И безмолвною толпой стояли позади них казаки и мужики с рогатинами и пиками — всевеликое бунташное малороссийское войско и вместе с ними — псковичи, призывавшие Тимофея в свой город, и белозубый кареглазый Иван Вергуненок, и болезненный, маленький Александр Костка — и у каждого из них была своя правда, которую каждый из них почитал истиной.
«Всю мою жизнь, — подумал Тимофей, — я шел за истиной, а она сколько раз показывалась мне, столько же раз и пропадала. И снова показывалась, и снова исчезала, как оборотень. И наверное, нет ее, истины, а нужно всю жизнь искать ее и гнаться за ней, а она всегда будет где-то впереди, манить тебя, и звать, и уходить все дальше и дальше, а погоня за нею и есть истина».
Близко перед рассветом отворилась дверь, и в темницу вошел маленький, почти бесплотный старик в рясе до пят, с бородой до пояса, в камилавке, надвинутой на брови.
«Варнава», — узнал Тимофей. Он хотел сесть, но старик положил на плечо ему сухую, легкую руку.

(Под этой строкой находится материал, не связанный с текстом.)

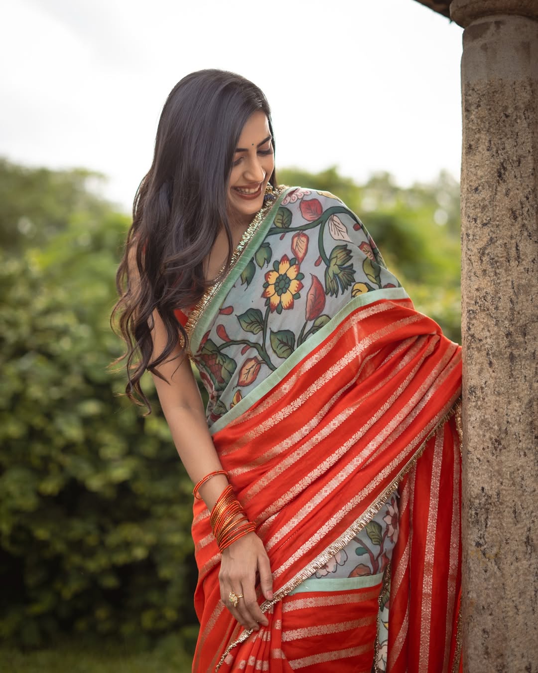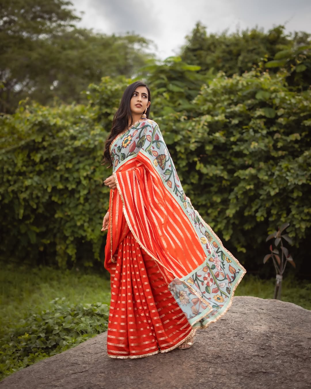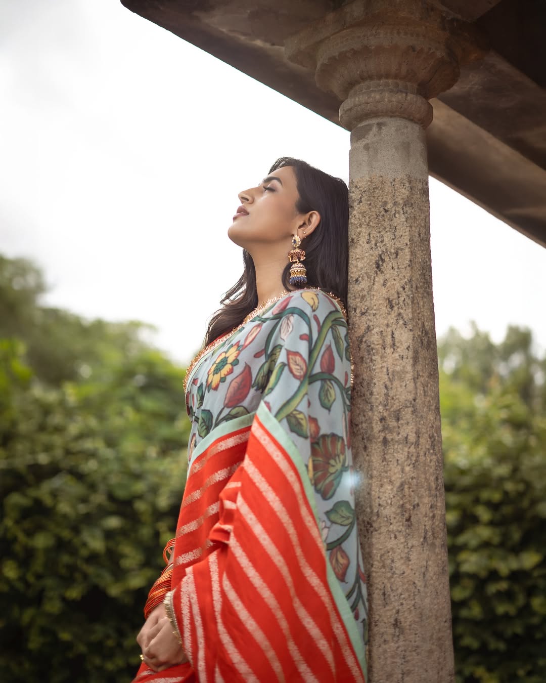 Her post was more than just a fashion showcase; it was a small diary note. With the caption “Captures from a good day!” she shared the credit list, styling by Manogna Gollapudi, saree by Aamra by Lavanya, jewellery from Matsya Silver, and photography by Pranil Chintewar. She even added a personal touch by revealing a song by Saathwik was on loop, making the moment feel relatable and real.

— Лежи, чадо мое возлюбленное, — тихо проговорил Варнава. — Собирай остатнюю силу, дюже сгодится она тебе вскоре.
И второю рукой нежно провел по волосам ему.
— Совсем седым стал ты, чадо, — произнес Варнава, и Тимофей услышал в голосе у него слезы.
И Тимофею пришли на память стихи песнопевца Давида, и он, слабо улыбнувшись, сказал:
— Не чаял я, отче, увидеть тебя здесь перед погибелью моей. Помнишь, отче, читал ты мне… Или не ты это читал? Да, впрочем, нет в том никакой разницы. «Исчезли, как дым, дни мои, и кости мои обожжены, как головня. Сердце мое поражено и иссохло, как трава… Не сплю и сижу, как одинокая птица на кровле. Всякий день поносят меня враги мои. Я ем пепел, как хлеб, и питье мое растворяю слезами. Душа моя насытилась бедствиями, и жизнь приблизилась к преисподней. Я сравнялся с нисходящими в могилу. Я стал, как человек без силы, брошенный между мертвыми».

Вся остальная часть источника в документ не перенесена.